▶ [COLLECTED DATA]
————————

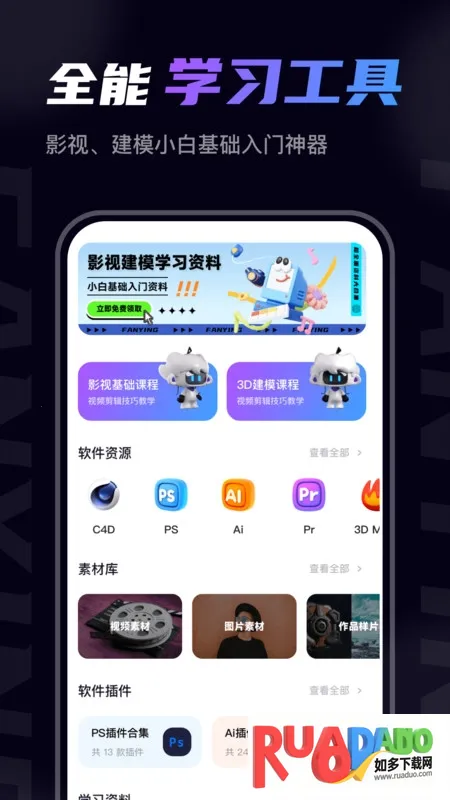 梵映影视建模是一款超棒的影视后期三维建模学习平台。它能解决影视后期三维建模爱好者的学习难题。功能超丰富,有从零开始的系统教程,围绕主流软件提供从入门到进阶的视频课程,避免碎片化学习。海量高质量素材库,多种资源按场景与风格分类,方便检索收藏,做练习或接单不愁素材。还有项目化实战思维课程,带你完整走一遍影视建模流程,形成完整思维链路。移动端轻松学习,界面清晰,支持倍速播放与离线缓存,碎片时间也能提升技能。软件亮点多,对小白有友好引导,一站式资源整合,有创作灵感专区,内容持续更新。按影视后期课程、3D建模、手绘基础等模块分类,还有素材集市、软件资源与插件、作品与案例参考等功能。总之,用它能高效学习影视建模,把兴趣变成专业技能与作品。
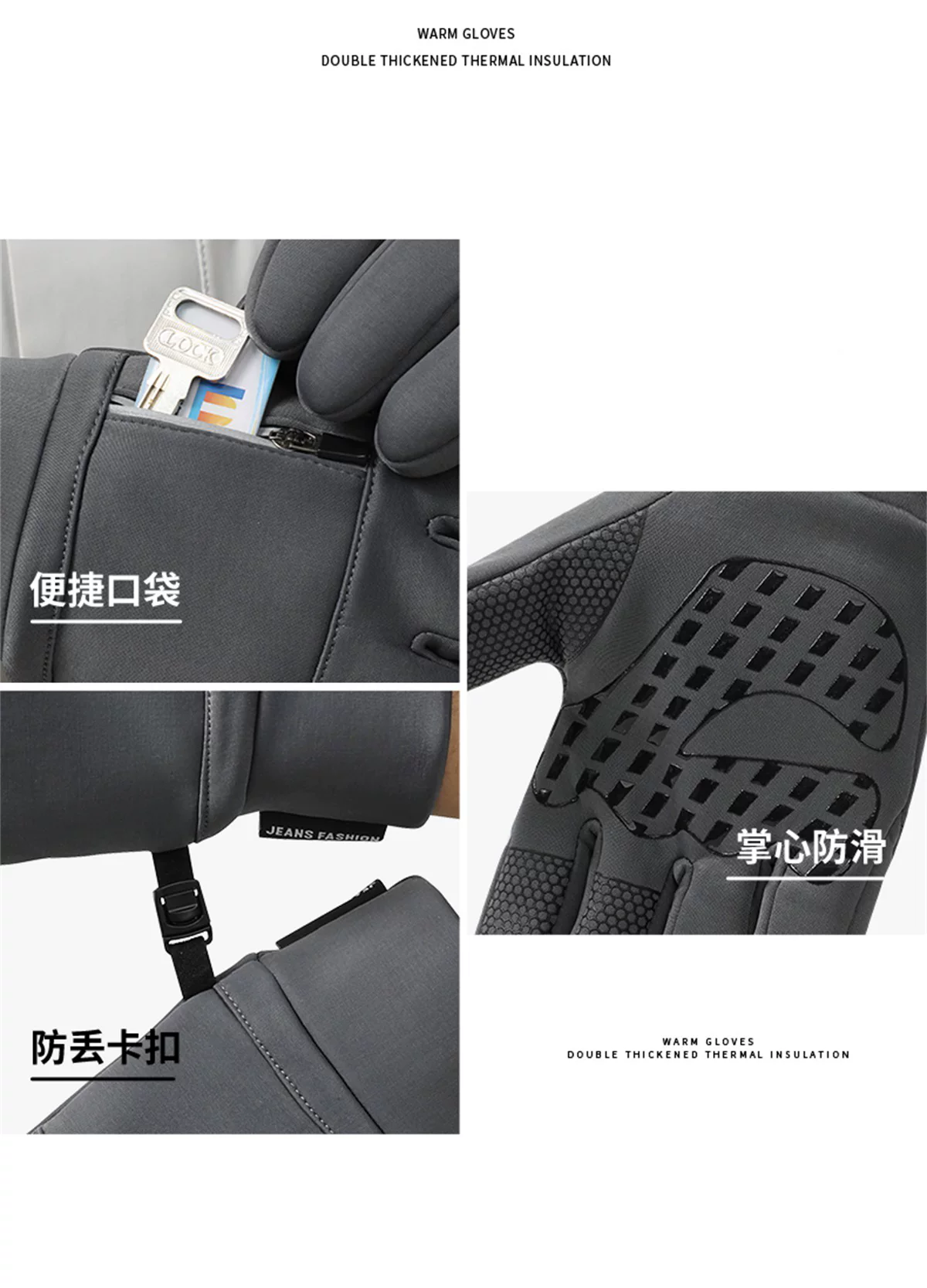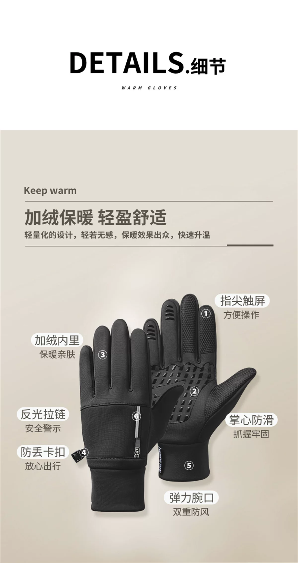 - Găng tay đi xe đạp nam mùa đông ngoài trời xe đạp điện chống gió và ấm áp lót lông cừu màn hình cảm ứng găng tay thể thao chống thấm nước
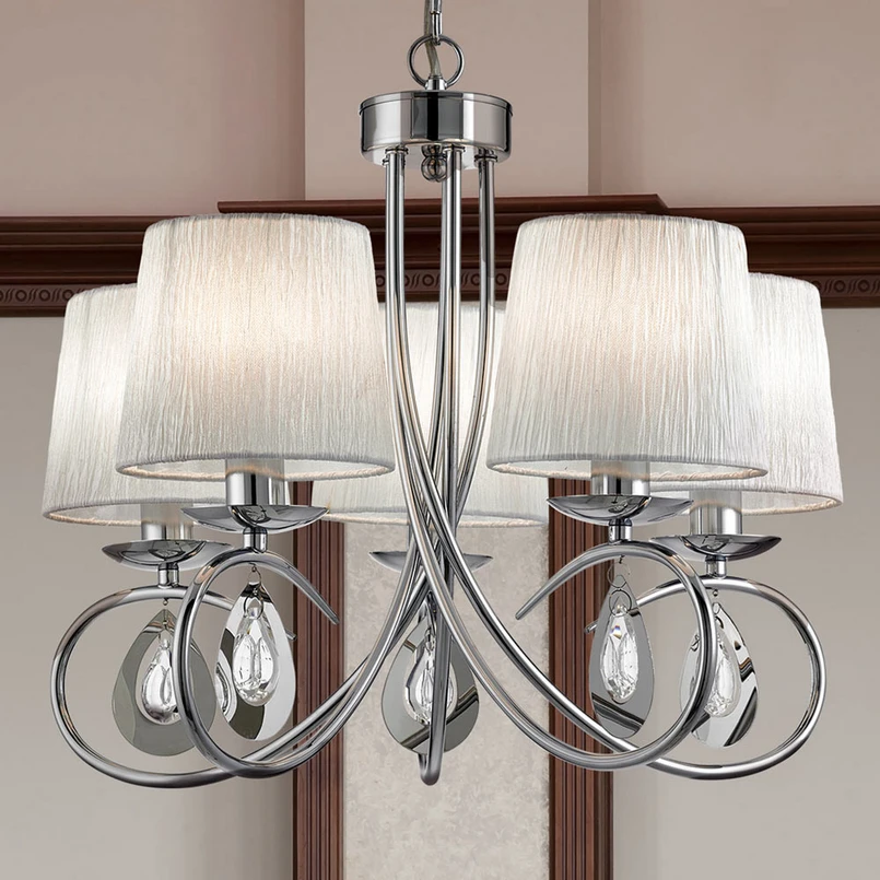 Ved den prægtige hængelampe Angelique er der forskellige faktorer, som gør den enestående. Der er for det første 5 bølgende med hinanden forbundne arme af krom på lampen med en ende formet som en løkke og med de tronende lampeskærme af stof. For det andet er der kromglas dråberne, som er placeret i løkkerne på armene og giver hængelampen en meget værdifuld karakter. I skærmene sidder E14-pærerne, som sørger for et hjemmeligt lys. Lampen anbringes i loftet med et kædeophæng, som fuldender det visuelle billede.
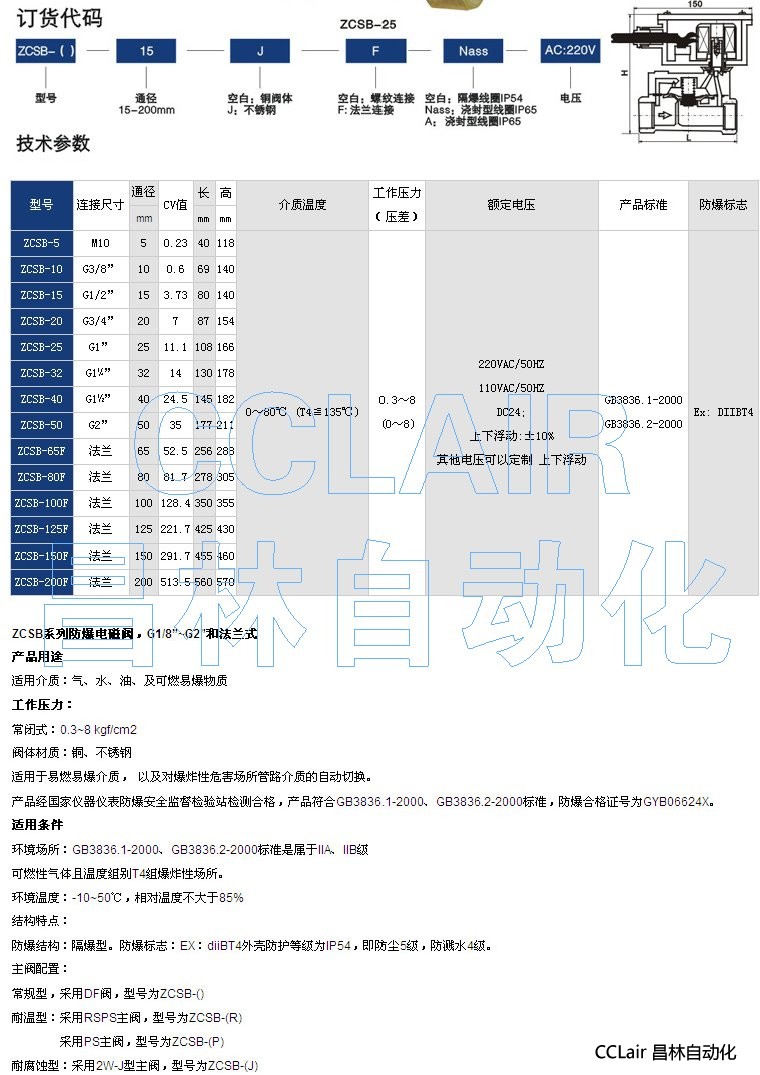 ZCSB-5,ZCSB-10,ZCSB-15,ZCSB-20,ZCSB-25,防爆電磁閥,G1/8”~G2”和法蘭式

————————

▶ [WHAT NEEDS TO BE DONE]
Repeat only the lines from the one with "- Găng tay đi" through the end of the data, both included and exactly as written. Pictures stay out of the copy.

▶ [RESPONSE TO THE EXERCISE]
 - Găng tay đi xe đạp nam mùa đông ngoài trời xe đạp điện chống gió và ấm áp lót lông cừu màn hình cảm ứng găng tay thể thao chống thấm nước
 Ved den prægtige hængelampe Angelique er der forskellige faktorer, som gør den enestående. Der er for det første 5 bølgende med hinanden forbundne arme af krom på lampen med en ende formet som en løkke og med de tronende lampeskærme af stof. For det andet er der kromglas dråberne, som er placeret i løkkerne på armene og giver hængelampen en meget værdifuld karakter. I skærmene sidder E14-pærerne, som sørger for et hjemmeligt lys. Lampen anbringes i loftet med et kædeophæng, som fuldender det visuelle billede.
 ZCSB-5,ZCSB-10,ZCSB-15,ZCSB-20,ZCSB-25,防爆電磁閥,G1/8”~G2”和法蘭式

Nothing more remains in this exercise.